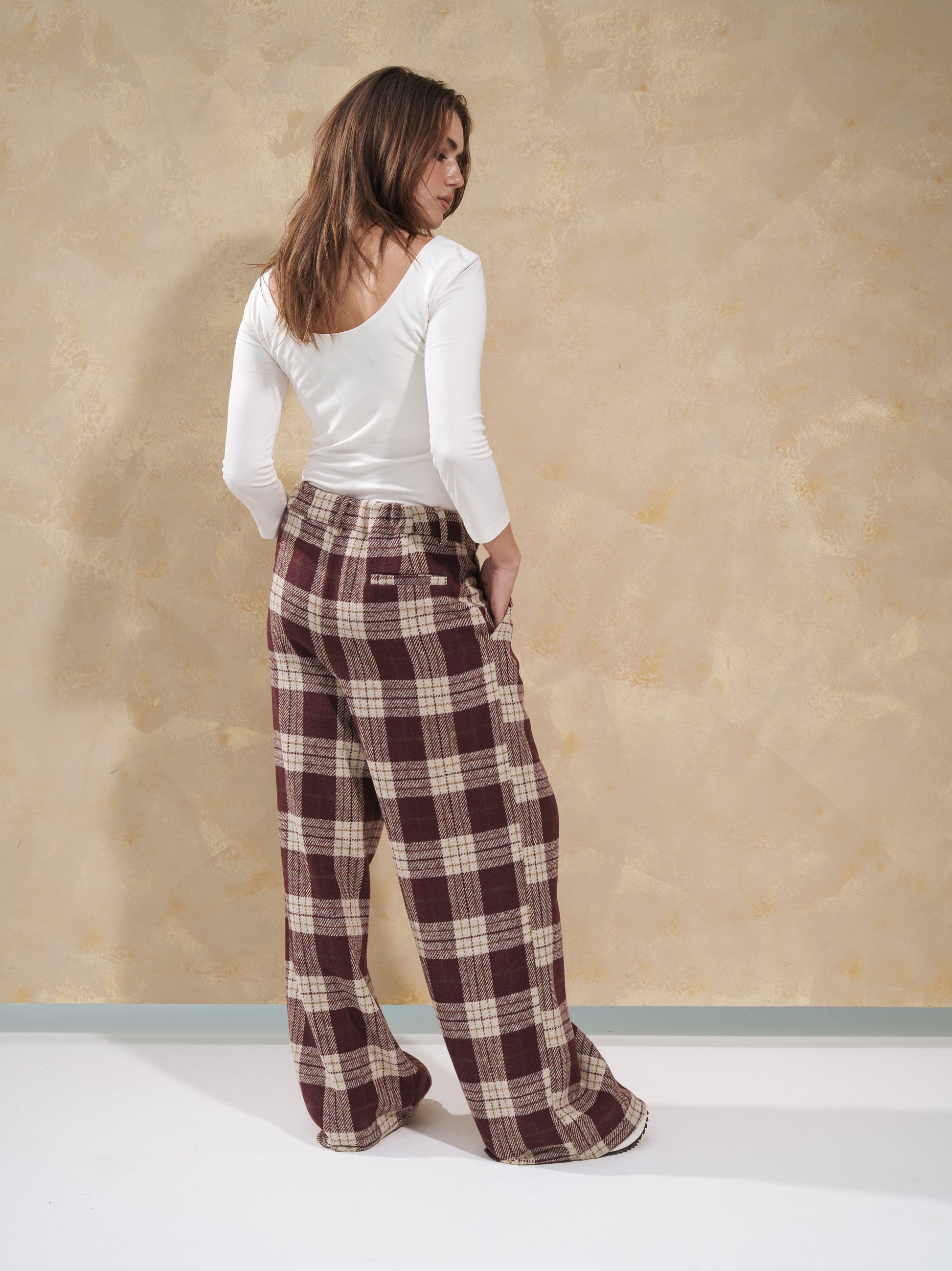 Plaid Wide-leg Pants In Burgundy
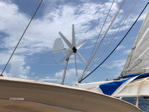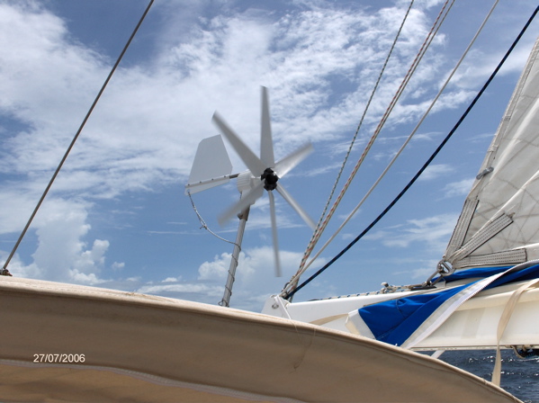 Pour mon anniversaire, Pierre me fait la surprise d'acheter... enfin... une éolienne. Il n'était pas convaincu, trouvant que 7 Ah de charge c'était bien peu. Mais maintenant il est tout heureux de se lever le matin avec des batteries chargées. Peu... mais longtemps, cela finit par faire beaucoup ! Pour cela, il faut tout de même du vent ! Après deux jours de travail, d'aller et retour au chantier pour trouver des tubes, des embouts, des câbles, de contorsions pour passer les fils, d'équilibrisme pour monter le tout... le vent est tombé. Impossible de voir si cela fonctionne. D'après nos voisins français qui nous ont dépannés quand la perceuse a rendu l'âme, c'est classique. Pour chaque éolienne installée, il y a quelques jours sans vent. C'est peut-être le prix à payer à Eole pour le faire travailler ensuite gratuitement !
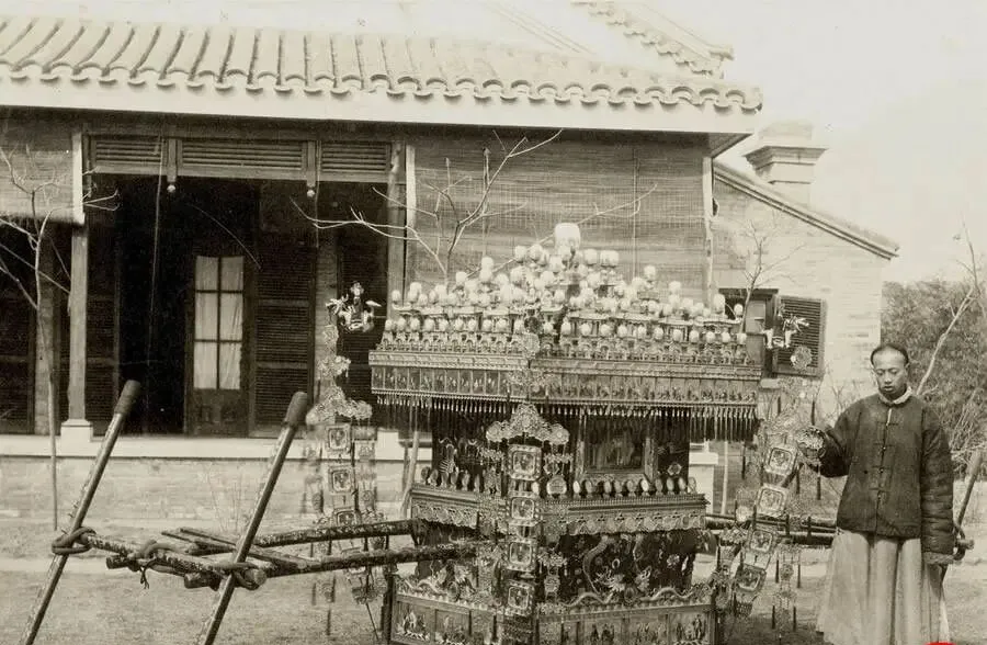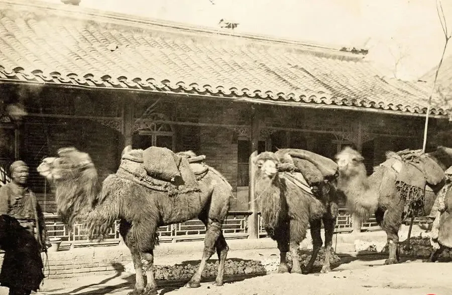 晚清老照片:大户人家打造精美花轿,街道上骆驼结队行走。
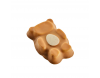 Minkštas, lengvas meškučio formos vanilinis zefyras, aplietas belgišku baltuoju šokoladu su pieninio ir apelsinų skonio šokolado natomis, rankose laikantis šokoladinį kiaušinį.
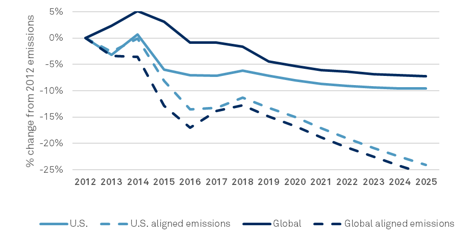 The findings showed that U.S. companies are on a trajectory to fall short of the required reductions, achieving only a 10% decrease from a 2012 baseline by 2025 ; 60% short of the 24% reduction needed to align with the Paris Agreement goal of 2 degrees warming by 2025. Large global companies are on track to exceed a 3 degree warming pathway, achieving only a 7% reduction in carbon emissions from a 2012 baseline by 2025, 72% short of the 26% reduction needed to achieve the Paris Agreement goal of 2 degrees warming by 2025.

====

* What is required
The reply should consist only of the lines running from the one with "Minkštas, lengvas meškučio" through the end of the material, both included, copied exactly; please omit pictures.

* Completed task
 Minkštas, lengvas meškučio formos vanilinis zefyras, aplietas belgišku baltuoju šokoladu su pieninio ir apelsinų skonio šokolado natomis, rankose laikantis šokoladinį kiaušinį.
 The findings showed that U.S. companies are on a trajectory to fall short of the required reductions, achieving only a 10% decrease from a 2012 baseline by 2025 ; 60% short of the 24% reduction needed to align with the Paris Agreement goal of 2 degrees warming by 2025. Large global companies are on track to exceed a 3 degree warming pathway, achieving only a 7% reduction in carbon emissions from a 2012 baseline by 2025, 72% short of the 26% reduction needed to achieve the Paris Agreement goal of 2 degrees warming by 2025.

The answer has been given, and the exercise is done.